LEIGH Beattie can work up to 70 hours a week at the Bulls in his roles as Under-16s coach, kitman and head groundsman.

But when asked to sum up the demands of his job, the straight-talking Bradfordian puts it neatly into perspective.

“I did concreting for ten or 15 years and if I had to go back to that, getting up at four o’clock in the morning, I think I would burst out crying,” says Beattie.

“I would rather do what I do now, even if means working 70 hours a week.

“The job has it testing times and you’ve got to be pretty thick skinned, but overall it’s not a bad life. The banter is great and you forge some fantastic friendships.”

Underperforming players can often be accused of stealing a wage but never could that charge be levelled at Beattie.

Cut him in half and he bleeds red, amber and black.

The 45-year-old grew up in Odsal, where he still lives today, and is a vital cog in the club’s coaching department, backroom team and ground staff.

Beattie takes up his story, saying: “I grew up watching Northern and the likes of Alan Rathbone and Franny Jarvis and was about three or four when my mum and dad first brought me here.

“I played in the colts and made a few appearances for the A team before going to play amateur for Odsal Sedbergh.”

Beattie never made the grade as a player at his boyhood club but has spent much of his working life at the famous old stadium.

He explained: “I spent two or three years here when I was a teenager and have now done about 15 years in my second spell.

“I was doing a sports and leisure course and my first placement was working on the ground with (former Northern winger) Roger Simpson.

“I did a bit for the lottery as well but there wasn’t enough money in it really, so I got a job concreting and spent a bit of time backpacking in Australia. When I came back, I started working part-time on the ground with Roger again.

“I also helped out with the kits as well as the academy, so when Fred Robinson retired in 2005, I took over as head kitman.

“My first game in charge of the kit was the World Club Challenge game in 2006 at Huddersfield when we beat Wests Tigers.”

During the traumatic 2012 campaign, Beattie was among the staff made redundant when the club entered administration.

He worked for three months without pay and was later re-employed following Omar Khan’s takeover.

“BullBuilder did a great job in helping us out financially, but it was a tough time,” remembered Beattie.

“It wasn’t just the administration itself, it was the build-up to that and then the period when we worked without pay.

“It was the same scenario last year when the club went into administration again.

“This time I managed to keep my job and stay on board.”

When Jimmy Lowes took over last July, he appointed Beattie as Under-16s coach, Matt Diskin was made Under-19s coach and John Bastian was brought in as head of youth.

Beattie said: “Jimmy’s a good bloke and has a lot of time for you, as he has for all his staff and players.

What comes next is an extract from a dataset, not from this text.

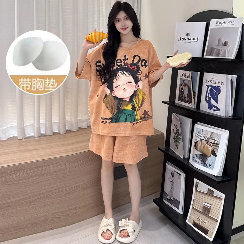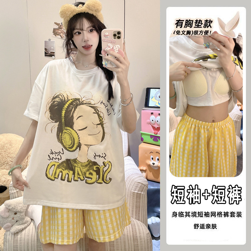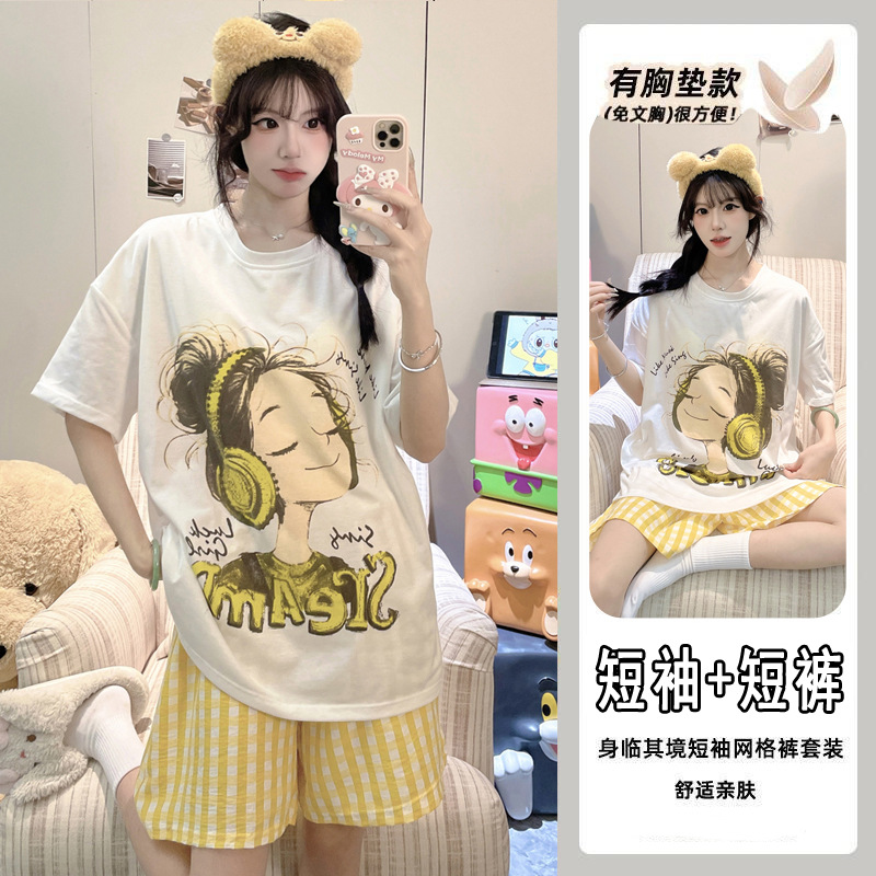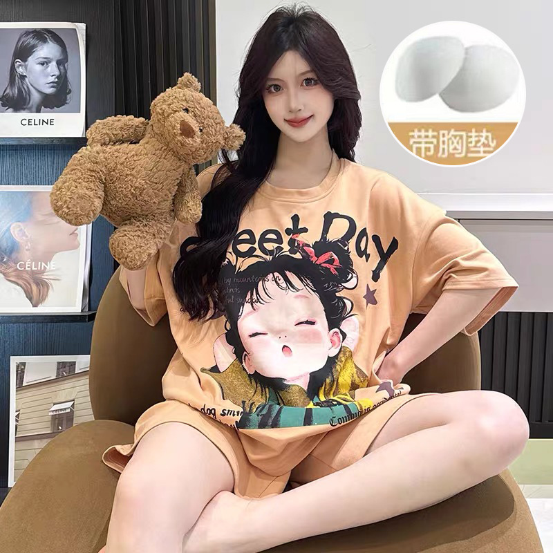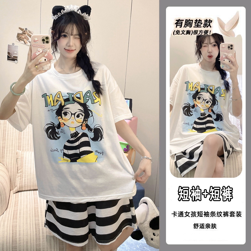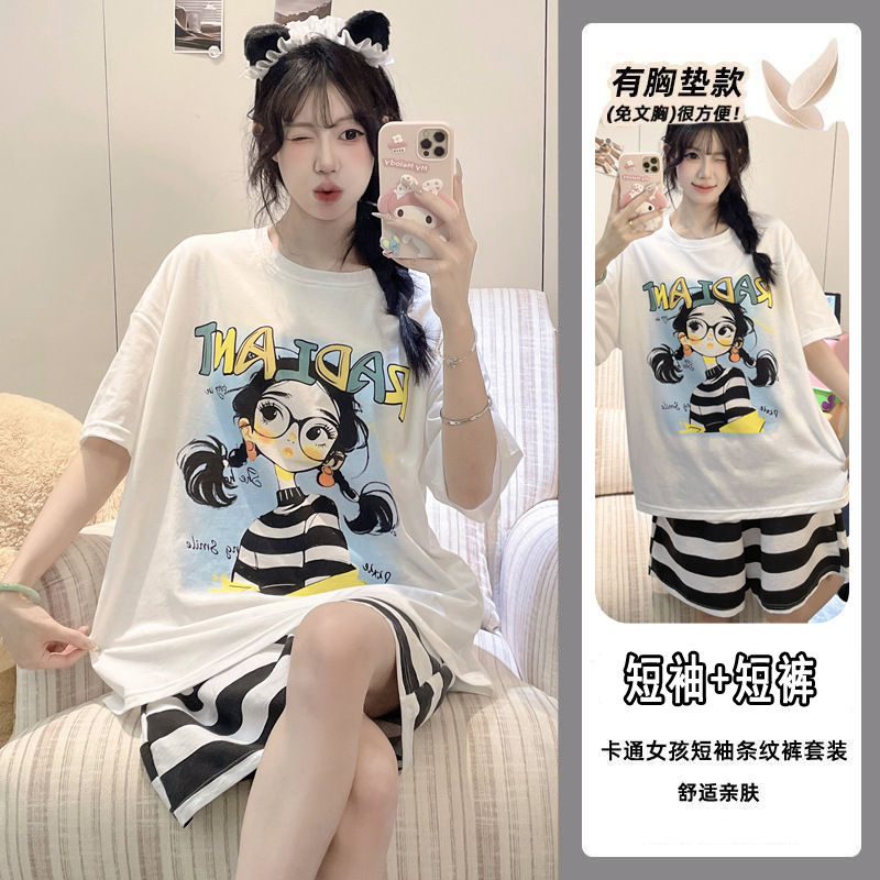 2025 여성을위한 유방 패드가있는 잠옷 여름 반팔 반바지 달콤한 만화 소녀 한국어 버전 인쇄 된 가정 의류 세트

“Some people on the outside may look at him a bit differently, but he’s good to work for and has certainly taught me an awful lot.

“I’ve developed as a coach and a person and matured a lot under Jimmy and John Bastian.

“I’ve always been on the fringes, but they gave me an opportunity to coach the Under-16s and I think that’s what I needed.

“Over the course of the year, we have really developed the programme.

“We produced some good players last year, who have all signed, with the likes of Jacob Trueman, Joe Brown, Jay Panter, Wilf Moxon, Milo Martin, Danny Waite-Pullan all doing well.

“If they continue to work as hard as they have done then I can see them playing Super League.

“They have moved on into the 19s now, so John has done a good job in retaining them.”

With assistant first-team coach Karl Harrison expected to leave the club at the end of the season, a reshuffle of Lowes’ staff could see Chev Walker handed a position after he retires.

Beattie, currently assisted as Under-16s coach by Walker and Jay Pitts, adds: “I’ll still be doing the Under-16s and helping Matt with the Under-19s too.

“If things work out, hopefully I’ll do a lot more work with Diskin and Jimmy next season because Jimmy is mentoring both of us.

“The club means a lot to me and I’ve put a lot of time and hard work in down the years.

“That’s not just me, it’s other people as well, and it’s my local team.

“It would be great if we could get back up after everything the club has been through.”